Sol de hoje, de M. T. Rodrigues-Leal

 

LUÍS DE BARREIROS TAVARES, org.


Poemas inéditos de Manoel T. R.-Leal: “Sol de Hoje”

Estes doze poemas inéditos de Manoel Tavares Rodrigues-Leal pertencem ao caderno Sol de Hoje (1983). Quase todos eles têm uma tonalidade erótica (p. ex., Como sombrear teu corpo, / rubro como uma romã?).
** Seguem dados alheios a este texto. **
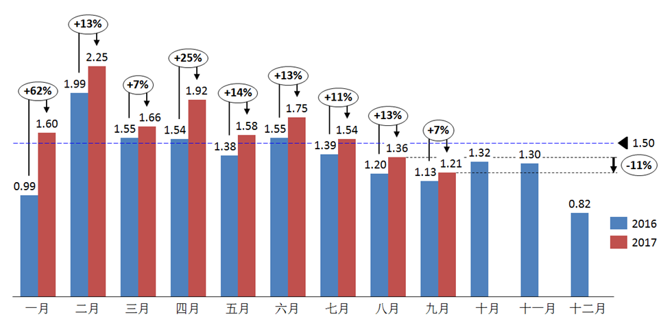 2017年9月汽車經(jīng)銷商庫存系數(shù)為1.21
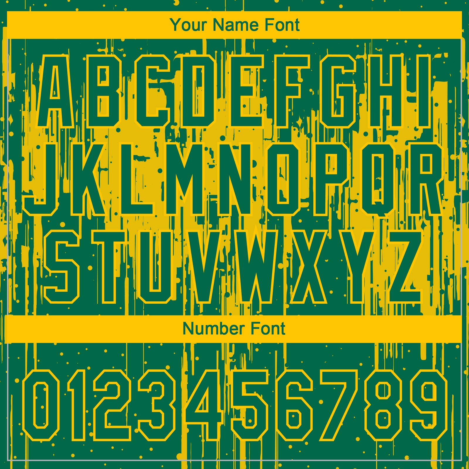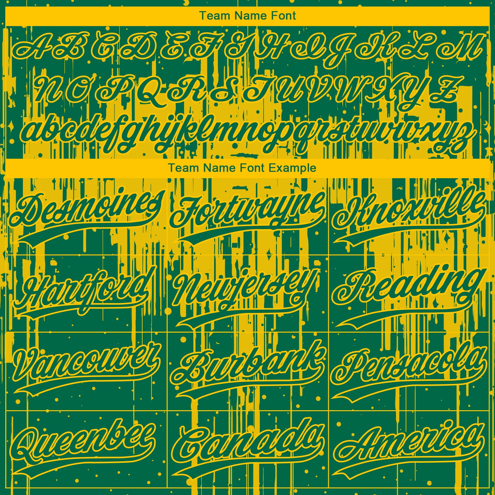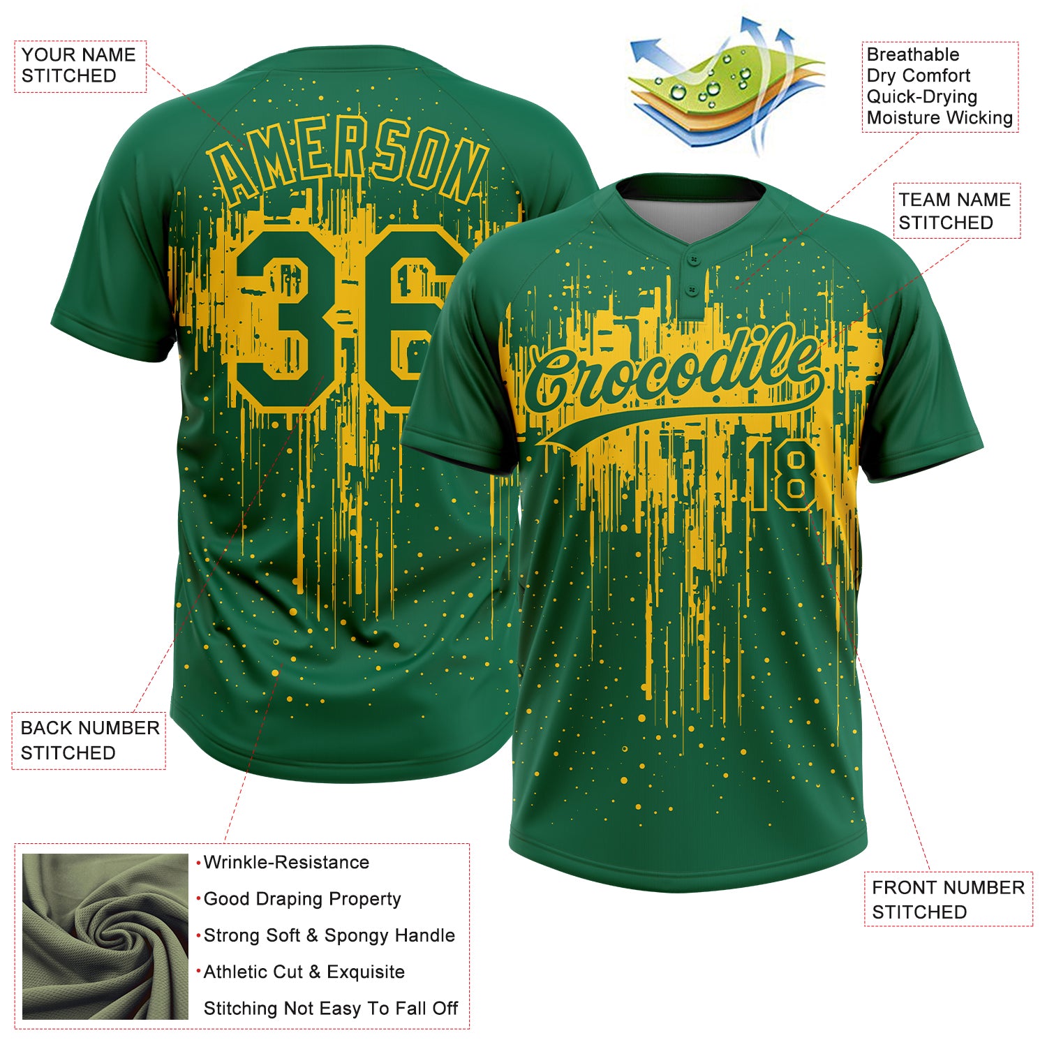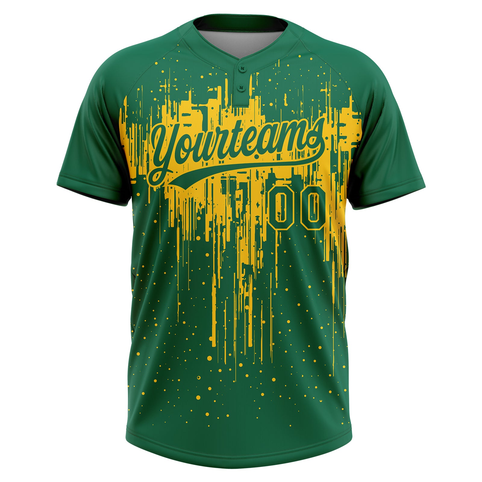 Custom Kelly Green Yellow Dripping Splatter Paint Two-Button Unisex Softball Jersey

Os restantes, ora apelam ao imaginário de paisagens (p. ex., Verde é a chuva / com limiares vedados.), ora a algumas abordagens reflexivas do sujeito poético (p. ex., Só a escrever me digo e desdigo).


Manoel Tavares Rodrigues-Leal

 

1

Evitai a vã palavra

que o tempo apaga.

 

Evitai o mero silêncio

de que se reveste o vazio.

 

O branco porto é teu corpo

quando se alheia nos meus cabelos

de sexo elos.

 

Lx. 22/9/83

2

A turva manhã fez-se luz:

eleita e vã minha alma flutua

como, de amarelo, um pedaço de lua.

 

Lx. 13/11/83

3

Escreve, pois:

É a ausência a dois…

Manuscrito do poema 3

Lx. 22/9/83

4

É tudo cimento

e uma cinzenta língua de fogo.

 

Onde afogo a angústia

e o lençol de lamento,

parindo o poema

como uma fêmea.

Manuscrito do poema 4

Lx.26/9/83

5

Abro as pálpebras pesadas como chumbo

e na realidade me consinto e esfumo.

Manuscrito do poema 5

26/9/83

6

Nós, breves ilhas,

buscamos as eternas maravilhas.

Nós buscamos a eterna matemática

das noites e dos barcos,

e tememos a brancura ática

dos Pélagos e dos lagos.

 

Lx. 9/10/83

7

Olho, alheio, um dia tão real

como as pálpebras de luz cúmplice.

 

Olho e renasce a mais antiga e vã promessa.

 

Olho e não vejo a vulva do teu desejo.

E as praias começam nas tuas mãos como conchas de cio.

 

Lx. 12/10/83

8

Só a escrever me digo e desdigo,

de enganos me nutro e assisto.

Só a morrer, vivendo, existo.

Só a máscara do umbigo me persigo.

 

Lx. 12/10/83

9

Como sombrear teu corpo,

rubro como uma romã?

Acende-se a nua manhã

e eu colo-me, adoeço no teu corpo

 

Lx. 26/10/83

10

Um cão de raiva

um esqueleto de angústia

 

A doce manhã de chuva

ancorada na planície do teu corpo

 

Assim resumo os meus dias, assim os leio.

 

Lx. 27/10/83

11

Verde é a chuva

com limiares vedados.

 

E assim branca é a luz

que enlouquece os lugares secretos.

 

E assim oiço a tempestade

Desde que se atarde o oiro de este ritmo lunar.

 

Lx. 28/10/2023

12

A data do teu corpo é recente.

Enquanto dura a tempestade…

 

Breve, breve o instante é uma seta

e nós somos o vinho e a água que desertam.

 

Sensual teu corpo madruga, maduro,

como um fruto doirado. Morre o enorme murmúrio.